Biopics de pintores: cuáles valen y cuáles mienten
No todos los biopics de artistas son iguales. Algunos muestran el oficio; la mayoría muestra el mito.
El biopic de artista tiene un problema de fábrica: el cine necesita conflicto externo, drama visible, resolución. La práctica real del arte no funciona así. El taller es lento, repetitivo, sin clímax. El resultado es que la mayoría de los biopics de pintores muestran el mito, no el oficio.
Los que entienden el oficio
At Eternity's Gate (2018, Schnabel) lo dirige un pintor. Eso solo ya cambia todo: la cámara no mira a Van Gogh desde afuera, está con él en el campo, en la habitación, en el mareo de pintar. Mr. Turner (2014, Leigh) muestra a Turner como era: tosco, difícil, completamente entregado al trabajo. Leigh no apura nada. Hay escenas largas donde Turner solo mezcla colores o va al mar a mirar la luz. Eso no es relleno: es la película. Maudie (2016) tiene la dignidad de mostrar a Maud Lewis pintando en condiciones imposibles sin convertirlo en melodrama. La limitación genera el método, no el drama.
Los que son honestos a medias
Pollock (2000) con Ed Harris es fuerte en las escenas de taller y débil en el drama doméstico. Las sesiones de dripping son lo mejor del biopic de artista en cine de ficción; el resto es biopic convencional. Frida (2002) toma decisiones de forma interesantes pero en momentos cae en el decorado. Never Look Away (2018) sobre Gerhard Richter tiene tramos melodramáticos y una segunda mitad genuina sobre el artista en su taller descubriendo su método casi por accidente. Séraphine (2008) funciona mejor antes del reconocimiento que después: la parte donde trabaja en anonimato es honesta; el arco dramático posterior es más convencional.

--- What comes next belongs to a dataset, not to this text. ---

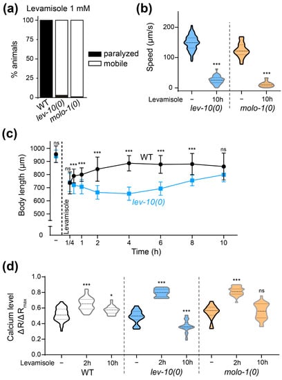 For all violin plots, dotted lines show quartiles, dashed lines denote mean and tests compare levamisole condition to the control of the same mutant. All error bars represent standard deviations from the mean. For all p values: *** p < 0.0005, ** p < 0.005, * p < 0.05, ns (not significant) p ≥ 0.05. Statistical analyses were performed using GraphPad Prism (GraphPad Software, Boston, MA, USA, https://www.graphpad.com/).

Los que directamente mienten
Modigliani (2004) es el peor ejemplo del género: el artista torturado, el bohemio parisino, la locura como acto estético. Todo lo que el cine sobre pintores hace mal está acá. Basquiat (1996, Schnabel, que también es pintor) es más honesta que la mayoría pero no escapa del todo al mito. Camille Claudel (1988) con Adjani es poderosa como drama pero presenta a Claudel principalmente como víctima de Rodin, no como escultora con una visión propia. Esa es la trampa: hacer de la artista un personaje del drama en lugar de protagonista de su propia práctica.
“Los mejores biopics de artistas los dirigen artistas. Schnabel, Leigh, Walsh. Saben qué es el taller porque pasaron años en uno.